- Directed by: Robert Michael Lewis
- Written by: George Kirgo
- Produced by: Charles Russell
- Starring: Richard Benjamin Paula Prentiss Roger Ward Noel Ferrier Ray Barrett
- Production company: ABC-Transatlantic Enterprises
- Distributed by: ABC
- Release date: 18 May 1977 (Australia);
- Running time: 100 mins
- Countries: Australia US
- Language: English

= No Room to Run =

No Room to Run is a 1977 Australian television film about an American businessman who kills a man in Sydney. The lead actors, writer, producer and director were all American. It stars real-life husband and wife Richard Benjamin and Paula Prentiss.

It was the first in a series of six TV movies made as co productions between the ABC and Los Angeles–based Transatlantic Enterprises.

==Plot==
Nick Loomis is vice-president in charge of public relations with an international corporation. He travels to Australia to promote the American Youth Orchestra who are performing at the Sydney Opera House. His boss, Garth Kingswood plans to follow
within a few days.

Loomis is met at the airport by his company's Sydney representative, Ralph Fleming. Fleming tells him about the mysterious death of employee Jack Deakin.

Loomis finds himself on the run for murder.

==Cast==
- Richard Benjamin as Nick Loomis
- Paula Prentiss as Terry McKenna
- Barry Sullivan as Garth Kingwood
- Ray Barrett as Jack Deakin
- Anne Haddy as Julie Deakin

==Transatlantic Enterprises==
The ABC's Controller of Television, John Cameron, was interested in getting the ABC involved in international co-productions, to maximise the ABC's drama budget and to increase the chance of overseas sales. Through Global Television, the ABC's distribution in London, they got in contact with 20th Century Fox who agreed to handle US sales for the ABC-BBC show Ben Hall. Fox's representative, Robert Kline, suggested remaking Adventures in Paradise on location and in colour but Cameron felt the islands were too far from Australia. Cameron suggested a series set in the Gulf of Carpentaria and Klein agreed.

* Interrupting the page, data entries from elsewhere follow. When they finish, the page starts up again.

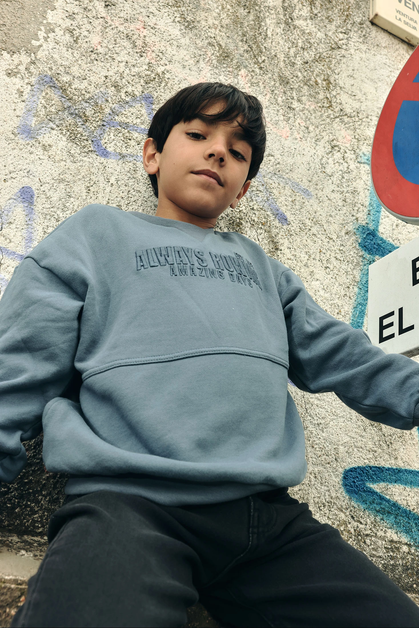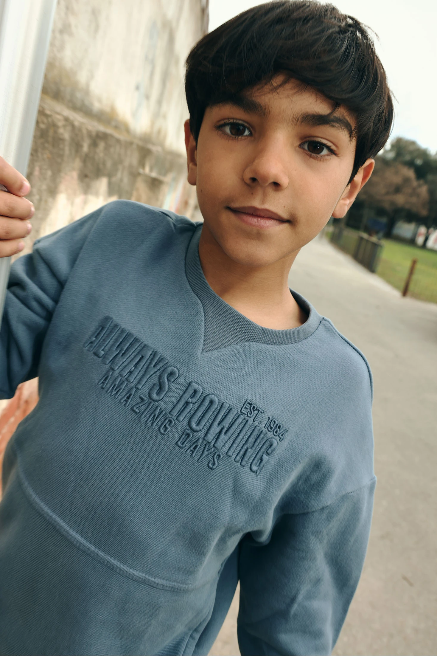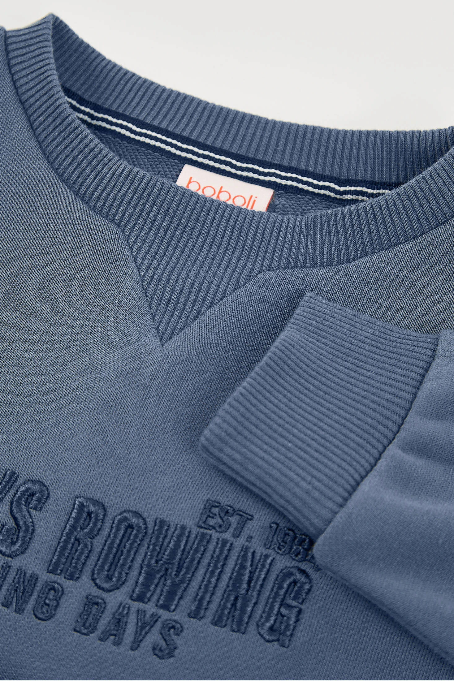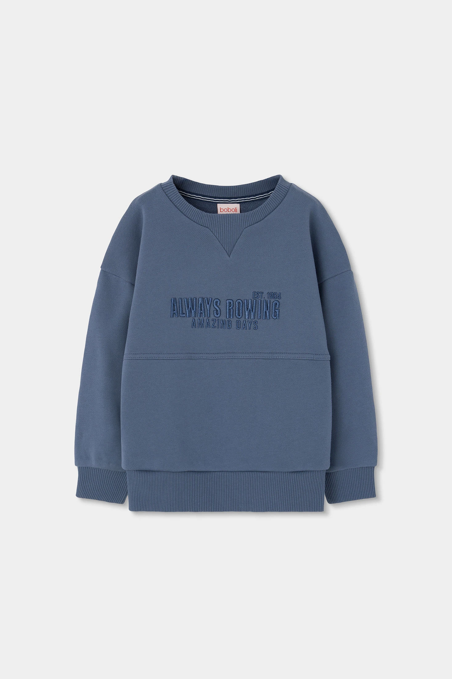 Blaue Sweatshirt aus Frottee für Jungen, ideal für den Frühling. Sein weicher Stoff bietet Wärme und Komfort. Es hat ein schlichtes Design mit einem gestickten Detail auf der Vorderseite, das einen modernen Touch verleiht. Das Sweatshirt hat einen Rundhalsausschnitt und lange Ärmel, ideal um warm zu bleiben. Erhältlich in den Größen von 2 bis 14 Jahren. Perfekt, um es mit Jeans oder lässigen Hosen zu kombinieren, ist es eine vielseitige Option für jeden Kinderkleiderschrank.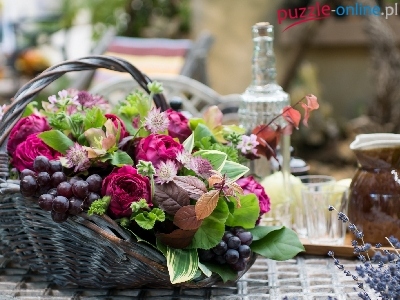 Kwiatowa, Róże, Herbata, Lawenda, Kompozycja, Winogrono, Kosz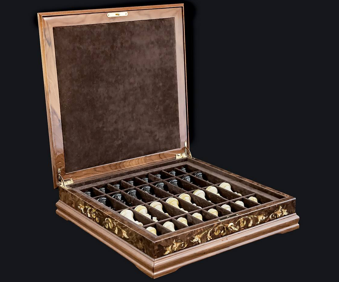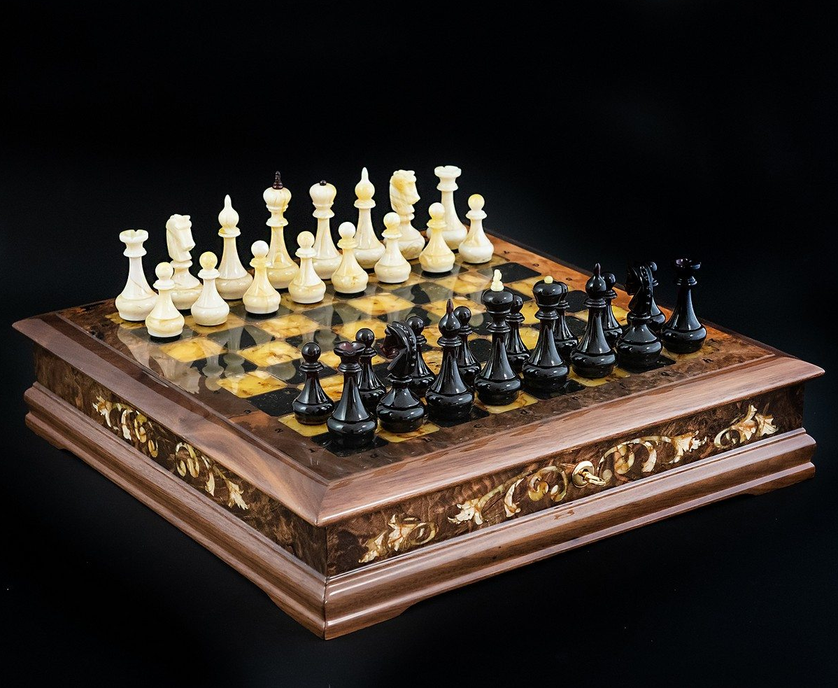 Изысканное сочетание благородной древесины и янтаря превращает этот набор не просто в игровой аксессуар, а в камерную скульптуру для интеллектуального ритуала. Корпус из массива ореха, обработанный вручную и инкрустированный янтарем в технике маркетри, хранит в себе теплоту природных линий и благородство темных прожилок, словно приглашая прикоснуться к вековым традициям мастеров.

Klein ended up going into business on his own as Transatlantic Enterprises, and it was that company that went into partnership with the ABC. They were going to do a feature-length pilot, then according to Cameron "it seemed that it was going to be easier to get money for a larger package than for one or two singles."

They decided to make a series of TV movies instead. Originally it was six, which then grew to 18 over three years. The films were to have budgets of $1.5 to 2 million and would be screened on ABC television with the option of a theatrical release elsewhere.

Robert Kline, head of Trans Atlantic, said "basically we'll be dealing with creative dimensions that justify American leads being in Australia... Sydney is comparable to Southern California. In those cases where we don't develop a story from scratch, we're finding that scripts calling from California settings can be adapted to Australia.

John Cameron said "Nobody ought to believe that this is going to result in the finest flower of television drama. It will be high action, adventure-orientated, the sort of material that is staple diet for prime-time viewing all over the world. Not too banal or stupid, but nonetheless lightweight for relaxed viewing.”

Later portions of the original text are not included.